# No Spark Briggs and Straton



## mrite (Sep 21, 2008)

Hi
I have a 8 HP Briggs and Straton on a snowblower and I have no spark
I bought a new plug and connected it to the plug wire and then set it on the engine head, then cranked the engine with the electric start and there was still no spark.what I would like to know is how to proceed from here to get this engine running again
Thanks for any help.


----------



## MrChooks (Apr 19, 2008)

:wave: Hi & welcome to TSF.

OK - the 2 likely issues are either the "kill lead / switch" has a fault and is grounding the magneto circuit or the magneto has failed

1st - see if you can disconnect the kill lead (turn off) switch wire and check if you get any evidence of spark without that connected. If you do, then it is likely to be a problem inside the start / stop switch and not too much of a problem to fix.

If that doesn't work - then you need to remove the air cowl - the magneto is on the outside of the flywheel just under that cover.

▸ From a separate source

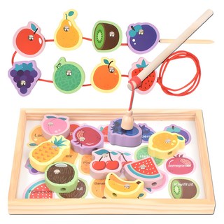 목제 블럭 실꿰기 자석 낚시놀이 교구, 과일, 1세트
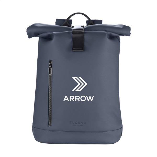 Sportlicher 'Rolltop'-Rucksack mit robustem Kunststoffverschluss der italienischen Marke Tucano. Hergestellt aus gummiartigen Materialien, die aus recyceltem Kunststoff, darunter 22 recycelte PET-Flaschen, hergestellt werden. Das wasserabweisende Material an der Außenseite ist überraschend geschmeidig und verleiht der Tasche einen eleganten und modernen Look. Ausgestattet mit einem großen Einzelfach mit einem internen, stoßfesten Laptopfach (bis zu 15,6 Zoll oder MacBook Pro 16 Zoll) mit einem Netzfach und einem geräumigen Reißverschlussfach an der Vorderseite für wichtige Accessoires. Komplett gefüttert. Die verstellbaren, gepolsterten Schultergurte und die atmungsaktive Netzrückseite sorgen für zusätzlichen Tragekomfort. Mit Trolley-Gurt und Trageschlaufe. PVC-frei. Ein idealer Rucksack für den täglichen Gebrauch. Fassungsvermögen ca. 22,5 Liter.

The units are generally not serviceable - so if its shot - you will need a replacement , but before you do that - unbolt the magneto - clean the mating surfaces thoroughly (both the engine frame and the mating surface of the magneto) with some fine emery paper and reassemble and try again. If that doesn't work - it sounds like the magneto has gone to its maker or maybe the high tension lead or its connection has failed


----------



## mrite (Sep 21, 2008)

MrChooks
Thanks for the info, I am going to try to find time this week to check out your suggestions
Went to Chapters today to try and find a small engine repair book and guess what , They don't have any . so it looks like this forum is a great place to be ,and a lot cheaper.
thanks again.


----------



## mrite (Sep 21, 2008)

MrChooks
Thanks for the info, I am going to try to find time this week to check out your suggestions
Went to Chapters today to try and find a small engine repair book and guess what , They don't have any . so it looks like this forum is a great place to be,and a lot cheaper.
thanks again.


----------



## MrChooks (Apr 19, 2008)

mrite :wave:

Have alook at the link below (B&S Repair manual see page 16) that was kindly provided to me by my TSF colleague SABL.ray:

http://www.smallenginesuppliers.com/html/engine-specs/briggs/Micro Engine Repair Manual.pdf

This might help.


----------